Artist

Bob Howard & His Orchestra

Genre: Jazz
Origin: U.S.A
Listen on Coda
Born in Newton, Massachusetts on 20 June 1906, Howard Joyner died in Mount Kisco, New York on 3 December 1986. After developing his piano and vocal skills in his native state, he relocated to New York at the close of his teens and promptly established himself as both a hotel and nightclub performer and a recording artist. A short European sojourn followed, yet by the mid-1930s he had strengthened his standing in New York by adding a steady radio program to his credits—an uncommon achievement for a black musician at that time. Steady work continued through the 1940s and into the 1950s, when his popularity opened doors to television appearances.

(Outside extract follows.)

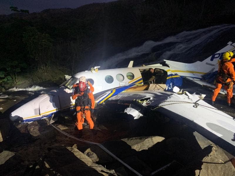 Marília Mendonça morreu em um acidente de avião no dia 5 de novembro de 2021, quando o avião em que estava caiu perto de uma cachoeira em Piedade de Caratinga, Minas Gerais – (Foto: Corpo de Bombeiros de MG/AFP)
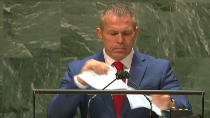 Gilad Erdan, izraelski ambasador, na sastanku je optužio Iran za kršenje međunarodnog prava.

Although he remained centered in New York, occasional engagements took him to residencies in Los Angeles and Las Vegas.

Public recognition rested chiefly on his emulation of Fats Waller, an approach whose lack of originality was offset by polished technique and an affable stage presence. While he sometimes collaborated and recorded with jazz players, his reputation rested on his work as a jazz-inflected popular singer and pianist. His vocal delivery shifted with the song and the setting, moving between tenor and baritone, between forceful delivery and playful, meandering phrasing. When fronting a group modeled on Cab Calloway’s, he hired capable players yet frequently interrupted their solos with untimely shouts of encouragement. Arrangements by Benny Carter remain the ensemble’s chief claim to remembrance.